Installing RSelenium on Win 8.1

I was asked was it difficult to install and get RSelenium up and running on the windows platform.
It isn't and I made a quick screenr to show you how.


So in summary:



install.packages('RSelenium')
library(RSelenium)
checkForServer()
startServer()
remDr <- remoteDriver()
remDr$open()
remDr$navigate("http://www.google.com/ncr")
remDr$findElement(using = "name", value = "q")
remDr$highlightElement()
webElem$sendKeysToElement(list("R Cran"))
webElem$clearElement()
webElem$sendKeysToElement(list("R Cran", key = "enter"))
remDr$close()
remDr$closeServer()

13 comments:

  1. When I type startServer, it opens a java but it is empty.
    What I have to do ?

    ReplyDelete
    Replies
    1. Hi darannu. Yes the latest version of RSelenium writes the log to file in the /bin directory in the RSelenium package. https://github.com/johndharrison/RSelenium/blob/master/R/util.R#L61 so the java screen appears blank but is still working.

      Delete
    2. I can`t connect phantomjs to R.
      I type:
      remDr <- remoteDriver(browserName = "phantomjs")
      remDr$open()
      but it shows:
      info: driver.version: unknown
      I also type:
      remDr <- remoteDriver(browserName = "C:/Users/annunzid/Desktop/phantomjs-1.9.7-windows/phantomjs.exe")
      but whit the same result.
      What I have to do ?

      Delete
    3. Hi darannu,

      phantomjs needs to be in your path. So you would add C:/Users/annunzid/Desktop/phantomjs-1.9.7-windows/ to your path. See the explanation http://stackoverflow.com/questions/9546324/adding-directory-to-path-environment-variable-in-windows.

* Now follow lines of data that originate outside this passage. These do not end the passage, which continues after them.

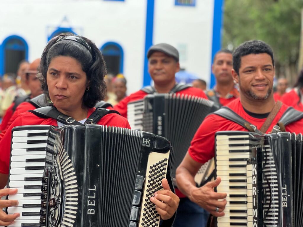 Idealizadora da Procissão dos Sanfoneiros, o evento chegou à sua quinta edição, realizada no último sábado, 06, em Cruz das Almas. A programação seguiu com missa, procissão e apresentações musicais de Flor de Imbuia, Mateuzinho do Acordeon, Zé Araújo, Gata Morena, André Barreto. Entre outros artistas, que fortalecem o forró tradicional.
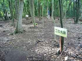 山麓の城の奥から登り始めると、途中で一ヶ所、郭のような削平地が見られた。しかしそれが本当に郭であるのかどうかはよく分からない。さらに歩いていくと、横堀状の郭があり、その上に2段ほどの小郭がある。さらにその上のまとまった広さの部分が「二の丸」と看板がある所である。
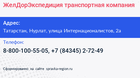 ЖелДорЭкспедиция, транспортная компания по адресу Татарстан, Нурлат, улица Интернационалистов, 2а в дальнейшем Организация, размещена в следующих категориях:
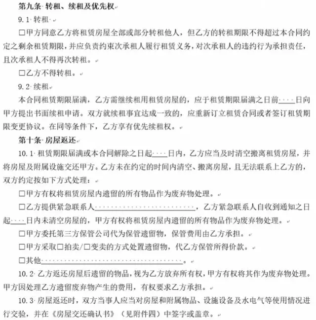 4、增設(shè)承租人下落不明時(shí),出租人對(duì)租賃房屋內(nèi)的遺留物處理?xiàng)l款。實(shí)踐中,存在很多承租人無(wú)力支付租金時(shí)斷絕與出租人聯(lián)系的情形。為解決出租人無(wú)法聯(lián)系承租人時(shí)對(duì)租賃房屋內(nèi)遺留物的處理問(wèn)題,新版合同增設(shè)承租人未按約定交還房屋且下落不明時(shí)遺留物的處理?xiàng)l款,由雙方當(dāng)事人在簽訂合同時(shí)就此問(wèn)題協(xié)商一致,避免出租人遭受無(wú)法收回房屋導(dǎo)致房屋使用價(jià)值無(wú)法實(shí)現(xiàn)的損失或者因自行處置遺留物引起糾紛、面臨侵權(quán)責(zé)任的風(fēng)險(xiǎn),有效解決承租人下落不明時(shí)租賃房屋內(nèi)遺留物的處理問(wèn)題。
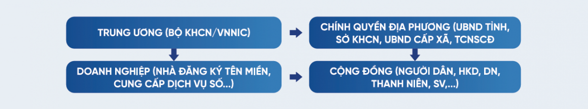 Để làm được điều này, Trung tâm Internet Việt Nam (VNNIC) với vai trò định hướng, triển khai cách làm đổi mới, sáng tạo với mô hình 04 Nhà gồm Nhà nước - Chính quyền địa phương - Doanh nghiệp - Cộng đồng, đảm bảo việc điều phối, giám sát tiến độ bằng công cụ số xuyên suốt, minh bạch, giúp triển khai nhanh, đúng trọng tâm và bền vững.
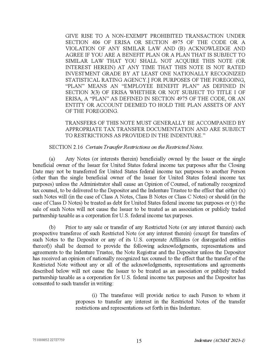 751008852 22727759 15 Indenture (ACMAT 2023 - 1) GIVE RISE TO A NON - EXEMPT PROHIBITED TRANSACTION UNDER SECTION 406 OF ERISA OR SECTION 4975 OF THE CODE OR A VIOLATION OF ANY SIMILAR LAW AND (B) ACKNOWLEDGE AND AGREE IF YOU ARE A BENEFIT PLAN OR A PLAN THAT IS SUBJECT TO SIMILAR LAW THAT YOU SHALL NOT ACQUIRE THIS NOTE (OR INTEREST HEREIN) AT ANY TIME THAT THIS NOTE IS NOT RATED INVESTMENT GRADE BY AT LEAST ONE NATIONALLY RECOGNIZED STATISTICAL RATING AGENCY . ] FOR PURPOSES OF THE FOREGOING, “PLAN” MEANS AN “EMPLOYEE BENEFIT PLAN” AS DEFINED IN SECTION 3 ( 3 ) OF ERISA WHETHER OR NOT SUBJECT TO TITLE I OF ERISA, A “PLAN” AS DEFINED IN SECTION 4975 OF THE CODE, OR AN ENTITY OR ACCOUNT DEEMED TO HOLD THE PLAN ASSETS OF ANY OF THE FOREGOING . TRANSFERS OF THIS NOTE MUST GENERALLY BE ACCOMPANIED BY APPROPRIATE TAX TRANSFER DOCUMENTATION AND ARE SUBJECT TO RESTRICTIONS AS PROVIDED IN THE INDENTURE . ” SECTION 2.16 Certain Transfer Restrictions on the Restricted Notes . (a) Any Notes (or interests therein) beneficially owned by the Issuer or the single beneficial owner of the Issuer for United States federal income tax purposes after the Closing Date may not be transferred for United States federal income tax purposes to another Person (other than the single beneficial owner of the Issuer for United States federal income tax purposes) unless the Administrator shall cause an Opinion of Counsel, of nationally recognized tax counsel, to be delivered to the Depositor and the Indenture Trustee to the effect that either (x) such Notes will (in the case of Class A Notes, Class B Notes or Class C Notes) or should (in the case of Class D Notes) be treated as debt for United States federal income tax purposes or (y) the sale of such Notes will not cause the Issuer to be treated as an association or publicly traded partnership taxable as a corporation for U . S . federal income tax purposes . (b) Prior to any sale or transfer of any Restricted Note (or any interest therein) each prospective transferee of such Restricted Note (or any interest therein) (except for transfers of such Notes to the Depositor or any of its U . S . corporate Affiliates (or disregarded entities thereof)) shall be deemed to provide the following acknowledgments, representations and agreements to the Indenture Trustee, the Note Registrar and the Depositor unless the Depositor has received an opinion of nationally recognized tax counsel to the effect that the transfer of the Restricted Note without any or all of the acknowledgments, representations and agreements described below will not cause the Issuer to be treated as an association or publicly traded partnership taxable as a corporation for U . S . federal income tax purposes and the Depositor has consented to such transfer in writing : (i) The transferee will provide notice to each Person to whom it proposes to transfer any interest in the Restricted Notes of the transfer restrictions and representations set forth in this Indenture .
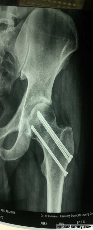 the fixation should be done by internal fixators like compression screws , plate and screws , dynamic hip screw ……etc .
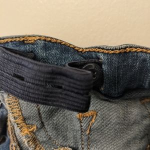 like new condition, frayed hem, button fly, adjustable waistband. Also fits like women's size 23P.
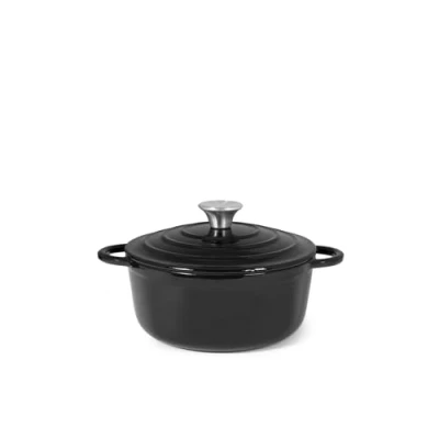H&h Cast Iron Casserole with Lid 22 cm Black
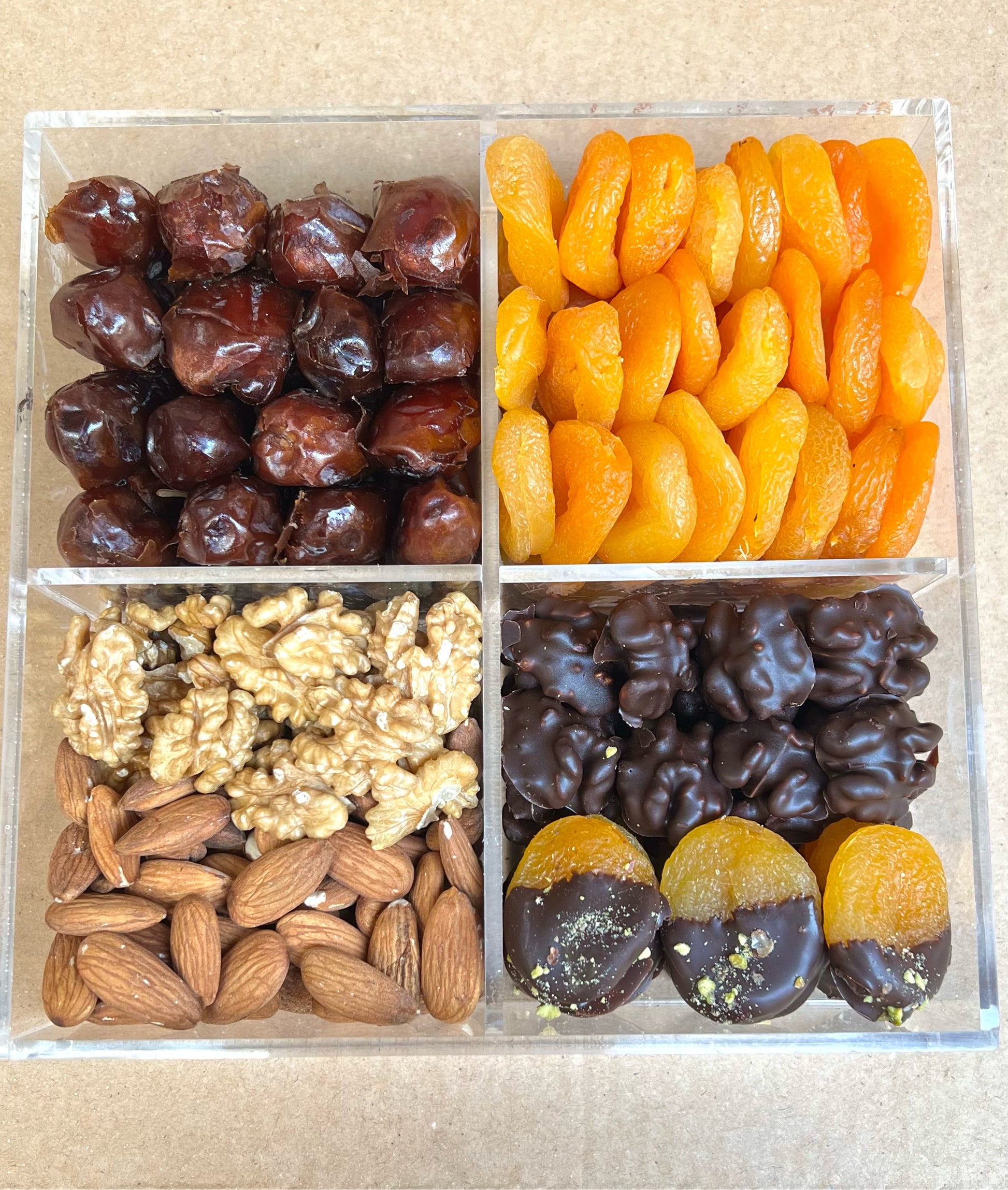 Khudri extra dates, dried apricots, almonds and walnuts, chocolate dipped apricots and walnuts.

      Alternatively you can give the path to the phantomjs binary as an argument. In your case that would be:

      remDr <- remoteDriver(browserName = "phantomjs", extraCapabilities = list(phantomjs.binary.path = "C:/Users/annunzid/Desktop/phantomjs-1.9.7-windows/phantomjs.exe"))

      Delete
    4. John sorry but I have another question,

      I`m trying to Scrape Flight Ticket Data Using R and Phantomjs, I have seen your code and it work for this webpage :
      http://www.finn.no/reise/flybilletter/resultat?numberOfChildren=0&tripType=roundtrip&requestedDestination=PEK.AIRPORT&requestedReturnDate=15.09.2014&requestedOrigin=OSL.AIRPORT&requestedDepartureDate=01.09.2014&numberOfAdults=1

      but why the same code doesn`t work for this one:

      http://www.skyscanner.it/trasporti/voli/rome/it/voli-piu-economici-da-roma-per-italia.html?rtn=1&oym=1405&iym=1405

      I`m not able to parse the html.

      Thanks in advance

      Delete
    5. Hi Darannu,

      This site is checking for the user agent. You can call extra phantomjs settings using
      phantomjs.page.settings.SETTING = VALUE where SETTING is taken from https://github.com/ariya/phantomjs/wiki/API-Reference-WebPage#webpage-settings. In this case we can set a user agent so the site see us as firefox 29:

      appURL <- "http://www.skyscanner.it/trasporti/voli/rome/it/voli-piu-economici-da-roma-per-italia.html?rtn=1&oym=1405&iym=1405"
      library(RSelenium)
      addCap <- list(phantomjs.page.settings.userAgent = "Mozilla/5.0 (Windows NT 6.1; WOW64; rv:29.0) Gecko/20120101 Firefox/29.0")
      remDr <- remoteDriver(browserName = "phantomjs"
      , extraCapabilities = addCap)
      remDr$open()
      remDr$navigate(appURL)
      tableElem <- remDr$findElement("id", "browse-data-table")
      xData <- tableElem$getElementAttribute("outerHTML")[[1]]
      xData <- htmlParse(xData, encoding = "UTF-8")
      readHTMLTable(xData)

      Delete
    6. This comment has been removed by the author.

      Delete
    7. This comment has been removed by the author.

      Delete
  2. This comment has been removed by the author.

    ReplyDelete
  3. Hi John,
    I am having trouble connecting to PhantomJS using RSelenium on windows 7. Commands typed:

    require(RSelenium)
    RSelenium::startServer()
    remDr <- remoteDriver(browserName = "phantomjs", extraCapabilities = list(phantomjs.binary.path = "C:/Users/home/Desktop/phantomjs-1.9.8-windows/phantomjs.exe"))
    remDr$open()

    $class
    [1] "org.openqa.selenium.UnsupportedCommandException"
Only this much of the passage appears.